In the tcp segment, there are 6 bits of status control codes, as follows:
- URG: Urgent bit. When URG=1, it indicates that the urgent pointer field is valid, meaning this packet is an urgent packet. It tells the system that there is urgent data in this segment that should be transmitted as soon as possible (equivalent to high-priority data).
- ACK: Acknowledge bit. The acknowledgment number field is only valid when ACK=1, meaning this packet is an acknowledgment packet. When ACK=0, the acknowledgment number is invalid.
- PSH: Push function. When set to 1, it requests the other party to immediately transmit the remaining corresponding packets in the buffer without waiting for the buffer to be full.
- RST: Reset bit. When RST=1, it indicates a serious error has occurred in the TCP connection (e.g., due to a host crash or other reasons), and the connection must be released and then re-established.
- SYN: Synchronous bit. When SYN is set to 1, it indicates that this is a connection request or connection acceptance message. A packet with the SYN flag typically means an 'active' intention to connect to the other party.
- FIN: Final bit, used to release a connection. When FIN=1, it indicates that the sending end of this segment has finished sending data and requests to release the transport connection.
However, the tcp.urg here is:

Extract tcp.urg using tshark, then remove the 0 fields, convert newlines to , to directly convert to a Python list, and convert to ASCII to get the flag.
⚡ root@kali: tshark -r Stego-200_urg.pcap -T fields -e tcp.urgent_pointer|egrep -vi "^0$"|tr '\n' ','
Running as user "root" and group "root". This could be dangerous.

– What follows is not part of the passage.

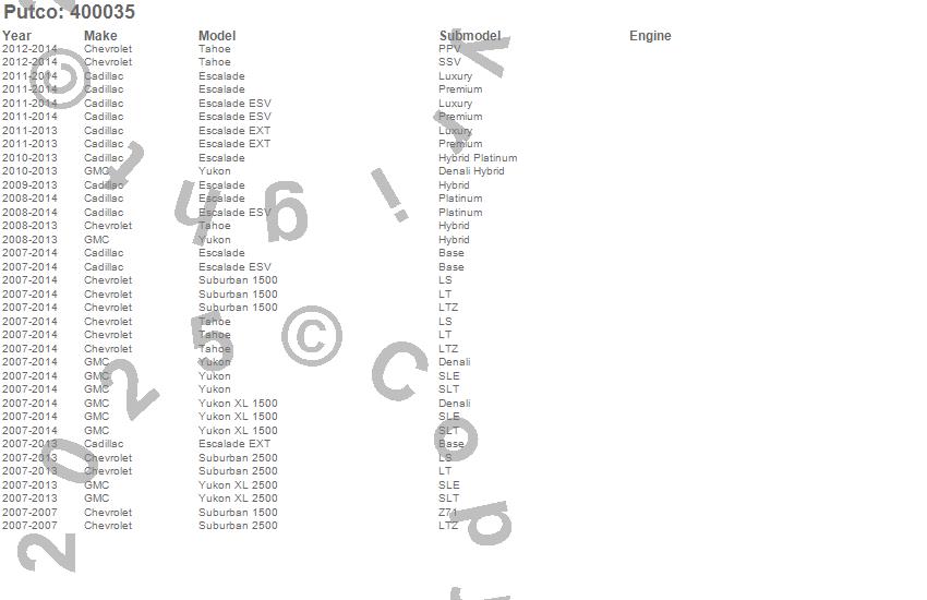 Escalade, Escalade ESV, Escalade EXT, Suburban 1500, Suburban 2500, Tahoe, Yukon, Yukon XL 1500, Yukon XL 2500, Cadillac, Chevrolet, GMC, 2014, 2013, 2012, 2011, 2010, 2009, 2008, 2007 more…

67,84,70,123,65,110,100,95,89,111,117,95,84,104,111,117,103,104,116,95,73,116,95,87,97,115,95,73,110,95,84,104,101,95,80,105,99,116,117,114,101,125,#
...
>>> print "".join([chr(x) for x in arr]) #python convert to ascii
CTF{And_You_Thought_It_Was_In_The_Picture}
Challenge:
stego-150_ears.xz
Step 1
Decompress repeatedly using the file command to get the pcap file.
➜ Desktop file ears
ears: XZ compressed data
➜ Desktop unxz < ears > file_1
➜ Desktop file file_1
file_1: POSIX tar archive
➜ Desktop 7z x file_1
7-Zip [64] 16.02 : Copyright (c) 1999-2016 Igor Pavlov : 2016-05-21
p7zip Version 16.02 (locale=en_US.UTF-8,Utf16=on,HugeFiles=on,64 bits,1 CPU Intel(R) Core(TM) i7-4710MQ CPU @ 2.50GHz (306C3),ASM,AES-NI)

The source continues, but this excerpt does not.